Material for this exercise —
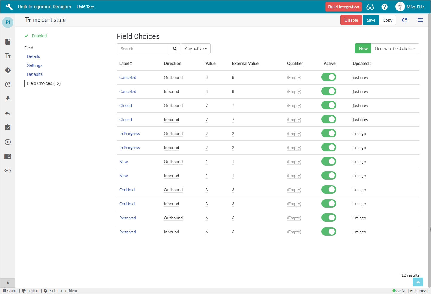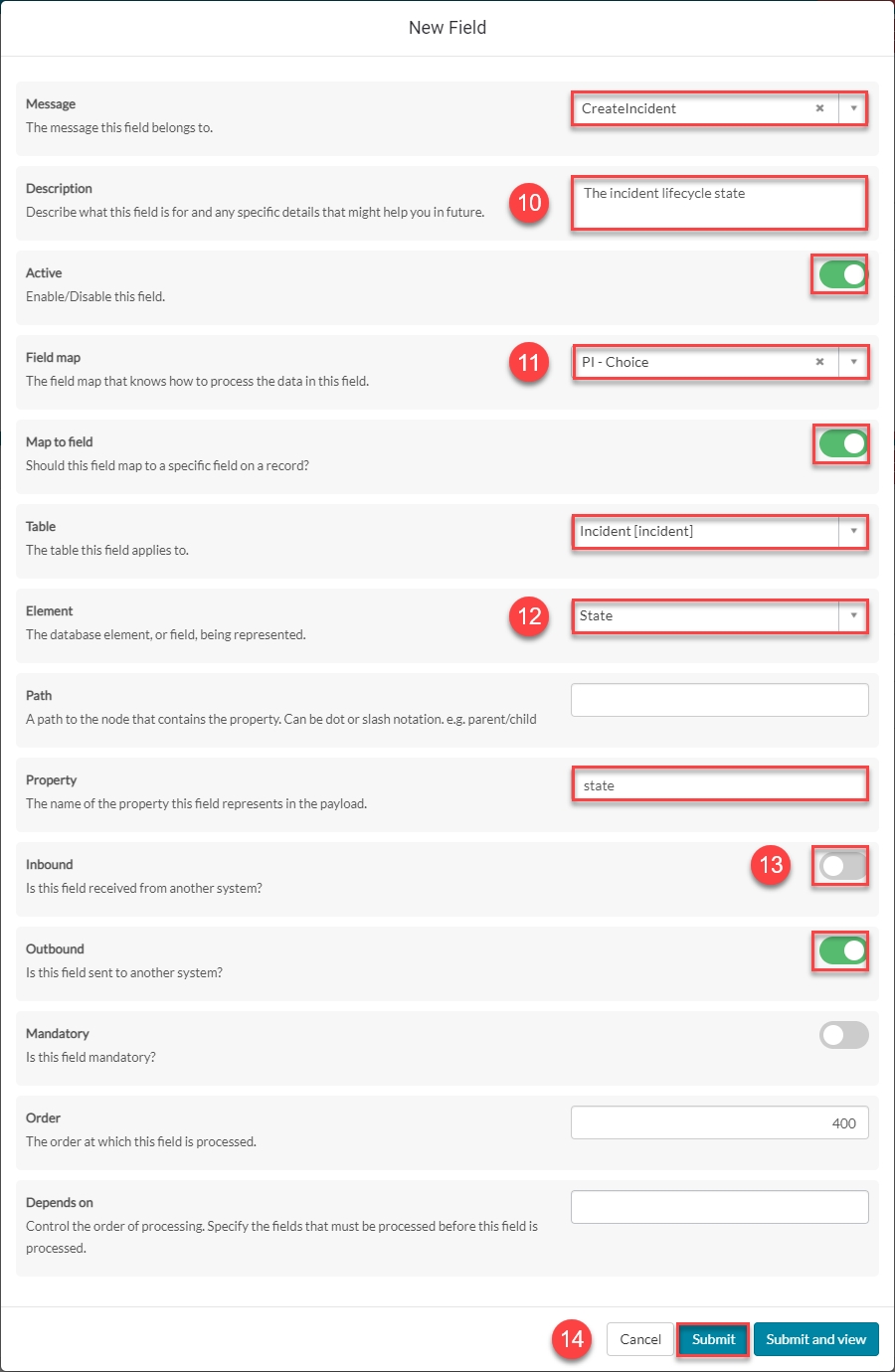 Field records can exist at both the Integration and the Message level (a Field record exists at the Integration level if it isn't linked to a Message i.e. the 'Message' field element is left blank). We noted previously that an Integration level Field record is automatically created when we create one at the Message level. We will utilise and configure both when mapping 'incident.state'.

==

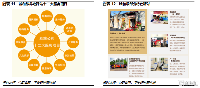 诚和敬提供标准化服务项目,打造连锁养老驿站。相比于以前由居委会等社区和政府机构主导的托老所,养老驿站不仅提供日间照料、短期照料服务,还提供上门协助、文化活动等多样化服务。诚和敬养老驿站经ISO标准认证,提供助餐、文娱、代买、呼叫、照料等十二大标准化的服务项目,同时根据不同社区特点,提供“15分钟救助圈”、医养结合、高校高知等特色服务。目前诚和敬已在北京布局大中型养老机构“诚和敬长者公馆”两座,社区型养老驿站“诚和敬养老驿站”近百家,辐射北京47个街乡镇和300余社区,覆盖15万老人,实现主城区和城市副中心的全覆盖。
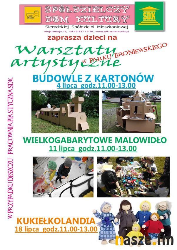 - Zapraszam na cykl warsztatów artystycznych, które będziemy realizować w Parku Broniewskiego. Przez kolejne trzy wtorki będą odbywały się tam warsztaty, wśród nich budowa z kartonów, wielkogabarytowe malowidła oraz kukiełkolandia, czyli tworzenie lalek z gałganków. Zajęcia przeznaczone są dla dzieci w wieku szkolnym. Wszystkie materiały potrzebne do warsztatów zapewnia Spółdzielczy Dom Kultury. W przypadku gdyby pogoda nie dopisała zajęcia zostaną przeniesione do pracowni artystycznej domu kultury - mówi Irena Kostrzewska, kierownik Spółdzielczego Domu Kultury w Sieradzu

Work order — Print nothing but the lines above starting with the line that contains "诚和敬提供标准化服务项目,打" and going on through the line that contains "- Zapraszam na". Leave out the pictures.

Your response —
 诚和敬提供标准化服务项目,打造连锁养老驿站。相比于以前由居委会等社区和政府机构主导的托老所,养老驿站不仅提供日间照料、短期照料服务,还提供上门协助、文化活动等多样化服务。诚和敬养老驿站经ISO标准认证,提供助餐、文娱、代买、呼叫、照料等十二大标准化的服务项目,同时根据不同社区特点,提供“15分钟救助圈”、医养结合、高校高知等特色服务。目前诚和敬已在北京布局大中型养老机构“诚和敬长者公馆”两座,社区型养老驿站“诚和敬养老驿站”近百家,辐射北京47个街乡镇和300余社区,覆盖15万老人,实现主城区和城市副中心的全覆盖。
 - Zapraszam na cykl warsztatów artystycznych, które będziemy realizować w Parku Broniewskiego. Przez kolejne trzy wtorki będą odbywały się tam warsztaty, wśród nich budowa z kartonów, wielkogabarytowe malowidła oraz kukiełkolandia, czyli tworzenie lalek z gałganków. Zajęcia przeznaczone są dla dzieci w wieku szkolnym. Wszystkie materiały potrzebne do warsztatów zapewnia Spółdzielczy Dom Kultury. W przypadku gdyby pogoda nie dopisała zajęcia zostaną przeniesione do pracowni artystycznej domu kultury - mówi Irena Kostrzewska, kierownik Spółdzielczego Domu Kultury w Sieradzu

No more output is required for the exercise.